Employees can suffer poor commitment if they feel ignored or undervalued. You’ll motivate and retain staff by showing them you are interested in their progression. You might be happy with them doing the job they’re doing, but are they? Talk about ways to address their goals. What specifically do they want to do? Make sure they have a detailed plan rather than vague hopes. Are their aims achievable within your organisation?
Employees are often the best people to evaluate their own skills level. Let them identify their weaknesses and strengths in a non-judgemental environment. This should be an open dialogue. You don’t want them to feel as if they have to justify themselves. It’s about positive support. Do they have the solution for their own skills objectives?
When you’ve figured out where the gaps are you’ll need to decide how to fill them, through new hires, training or additional support for your employees. When it comes to individuals, can you train them up within your business or will you need outside help? What’s involved: mentoring, work shadowing, a new qualification or just additional responsibility to stretch their capabilities? Remember to factor in any periods of absence. Create a timeframe so they can see and mark their own progress.
If their skills development matches up with your own business needs then any time or money invested in your employee should see rewards for them and you. How can you get the most out of their acquired new knowledge or effectiveness? Can they share these new abilities and competencies with other staff, furthering their own sense of accomplishment and passing down the positive outcomes to more of your workforce?
Download the SCQF employer's guide for step-by-step guidance on recruitment, training, recognising your organisation's skills needs and choosing development opportunities for your workforce.
The SCQF can also help you gain recognition for your own in-house training programmes, raising the profile of your organisation and attracting skilled employees.
Once you are comfortable with the basics, download the employer levelling tool to help you develop effective job specifications.
Along with support materials, this guide shows you how to assess what education level, skills and knowledge are needed for a job role. As well as making the recruitment process simpler, this will help you decide on training and development activities for specific roles.

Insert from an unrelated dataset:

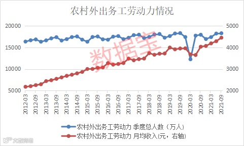 受2020年新冠疫情的影响,全球经济进入了相对低迷状态。经济景气度差,外出务工人员减少。国家统计局数据,2020年我国农民工约2.85亿,较2019年下降517万之多。2021年1-9月,农村外出务工劳动力较疫情前2019年同期有下降。
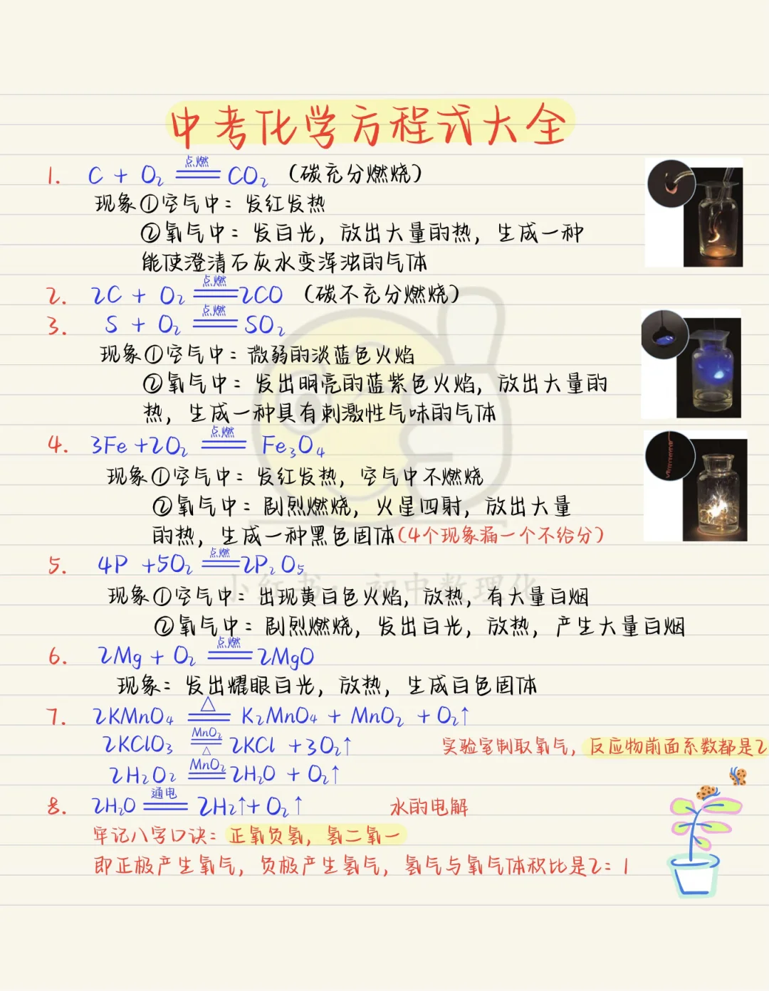 中考所有的化学方程式都在这里了,你还不快看看吗!

The UK Commission for Employment and Skills’ (UKCES) Employer Skills Survey is a helpful resource looking at issues from vacancies, skills shortages and skills gaps to training and staff development.
The survey was last carried out in 2015. The results show that in that year, employers in Scotland were more likely to have provided training for their staff than employers elsewhere in the UK. The survey delves deep into training and skills trends, identifying skills gaps in the workforce and more.